The National Union of Metalworkers (NUMSA) - the country's largest union representing workers across several sectors - has demanded wage increases of up to 15 percent in a one year deal.

The strike has hit an estimated 10,500 companies across South Africa and threatens to push the country further towards a recession.

"Regrettably, it would appear that we continue to be miles apart with the union," Nyatsumba said.

In contrast, Irvin Jim, NUMSA's head, said he believed the two sides were "not very far from each other".

He told Reuters news agency that issues like a youth-wage subsidy and the removal of labour brokers were key to a settlement to end the strike.

Other sticking points have been NUMSA's insistence that any agreement be for one year, while the employers want to seal a three-year deal.

The South African economy shrank in the first quarter amid a five-month-long platinum strike that was only resolved last week.
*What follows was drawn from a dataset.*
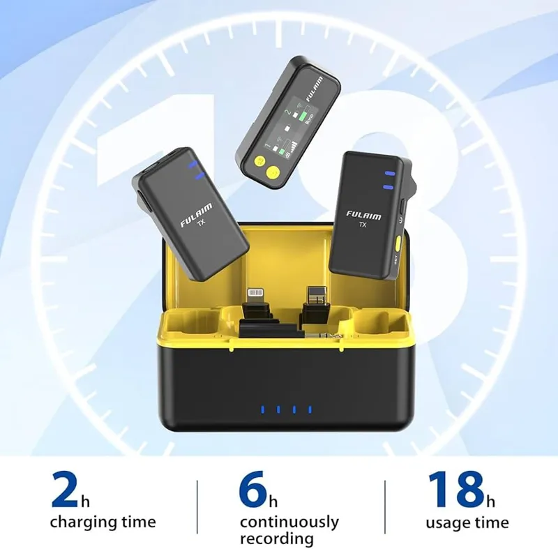 باتری 18 ساعته: با داشتن یک جعبه شارژ، این کیت میکروفون را میتوان تا 2 بار شارژ کرد و تا 18 ساعت زمان استفاده را فراهم کرد. ایدهآل برای مصاحبههای ویدیویی، پادکست، ولاگ و دیگر نیازی به نگرانی در مورد عمر باتری نیست.

The country's labour minister is due to meet with the union and employers on Friday, a spokesman told Reuters, adding the government was "quite hopeful" a deal could be reached soon.

There were already signs that the engineering and metals strike was being felt beyond the sectors directly affected.

General Motors reported that assembly at its main plant near Port Elizabeth had been halted because of a lack or parts.

"The strike in the metal and engineering sector has impacted upon supply of components to our production line and we have had no other option but to halt assembly as of 3 July 2014," Gishma Johnson, a General Motors spokeswoman, said.